§ What this task involves:
At the line that holds "今日机器工程教院弛邦明副传授", start repeating, and keep going exactly through the final line of the material; include both ends and skip the pictures.

§ Data records:
------------------------------------

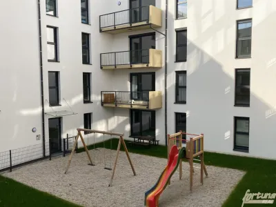 Im Inneren erwarten Sie optimierte Grundrisse und moderne Ausstattung: kontrollierte Wohnraumlüftung, Fußbodenheizung, Aufzüge in alle Stockwerke, Klimaanlagen in ausgewählten Wohnungen, moderne Gegensprechanlage und Raumthermostate. Bodentiefe Fenster durchfluten die Wohnungen mit natürlichem Licht - auf den Balkonen, Loggien und Terrassen lässt sich Sonne auftanken und Frischluft schnappen. Der Innenhof bietet Grünflächen und einen Spielplatz für die kleinen Bewohner. Die Anlage wird in sich geschlossen sein - das heißt, nur Eigentümer werden Zutritt haben.
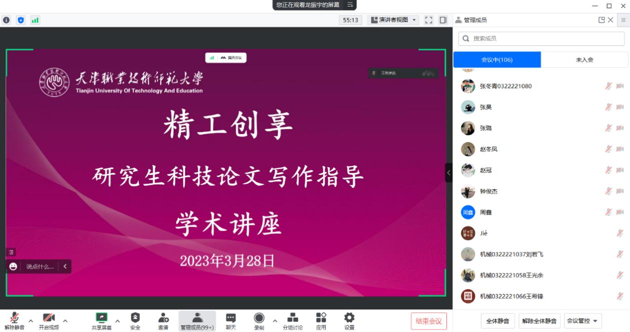 今日机器工程教院弛邦明副传授应邀为教院齐体硕士钻研死做科技论文写稿为核心的教术道座。
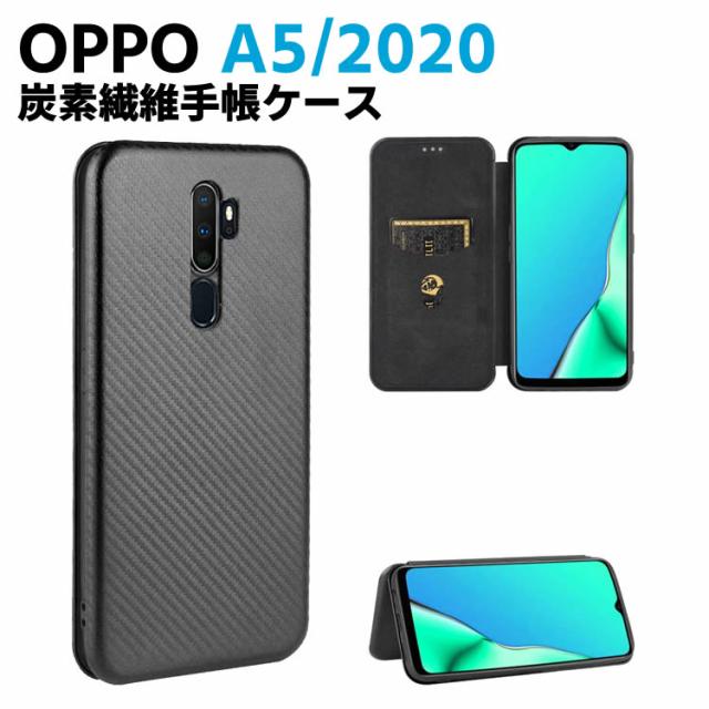 OPPO A5/2020 手帳型 薄型 カーボンファイバー スマホケース 炭素繊維カバー スマートフォンケース TPU 保護バンパー 財布型 マグネット式 カード収納 落下防止 ホルダ 横開き リンクストラップ付き
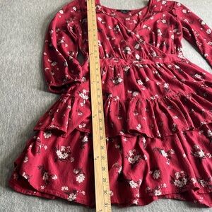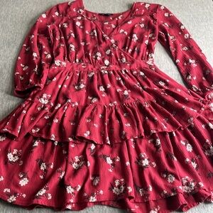 Elegant floral dress in a rich red hue. Perfect for any occasion.
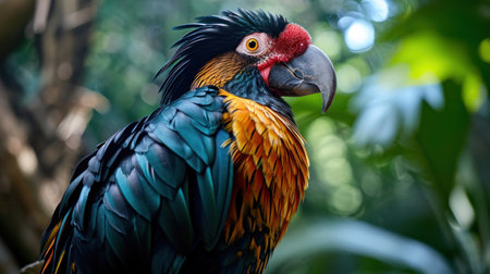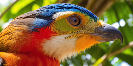Close-up of a colorful parrot with vibrant feathers and a striking beak.
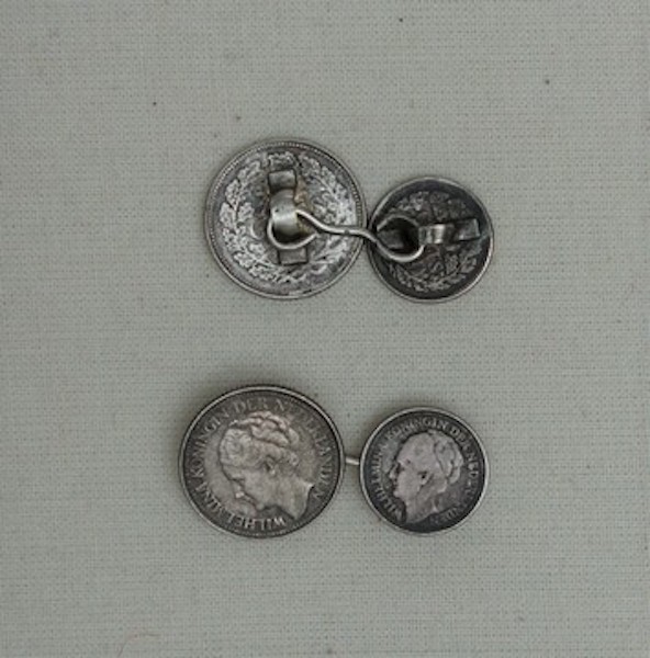 In 1941 the Germans seized all the silver and copper coins. This was on the one hand because the old coins bore the image of Queen Wilhelmina, on the other hand the metal was used for the German arms industry. The people had to hand in their old coins in exchange for new zinc coins or paper money. However, many Dutch people kept their old coins and turned them into jewellery, which was worn as a symbol of resistance and as a reminder of the royal family.

------------------------------------

§ Answer for the task:
 今日机器工程教院弛邦明副传授应邀为教院齐体硕士钻研死做科技论文写稿为核心的教术道座。
 OPPO A5/2020 手帳型 薄型 カーボンファイバー スマホケース 炭素繊維カバー スマートフォンケース TPU 保護バンパー 財布型 マグネット式 カード収納 落下防止 ホルダ 横開き リンクストラップ付き
 Elegant floral dress in a rich red hue. Perfect for any occasion.
Close-up of a colorful parrot with vibrant feathers and a striking beak.
 In 1941 the Germans seized all the silver and copper coins. This was on the one hand because the old coins bore the image of Queen Wilhelmina, on the other hand the metal was used for the German arms industry. The people had to hand in their old coins in exchange for new zinc coins or paper money. However, many Dutch people kept their old coins and turned them into jewellery, which was worn as a symbol of resistance and as a reminder of the royal family.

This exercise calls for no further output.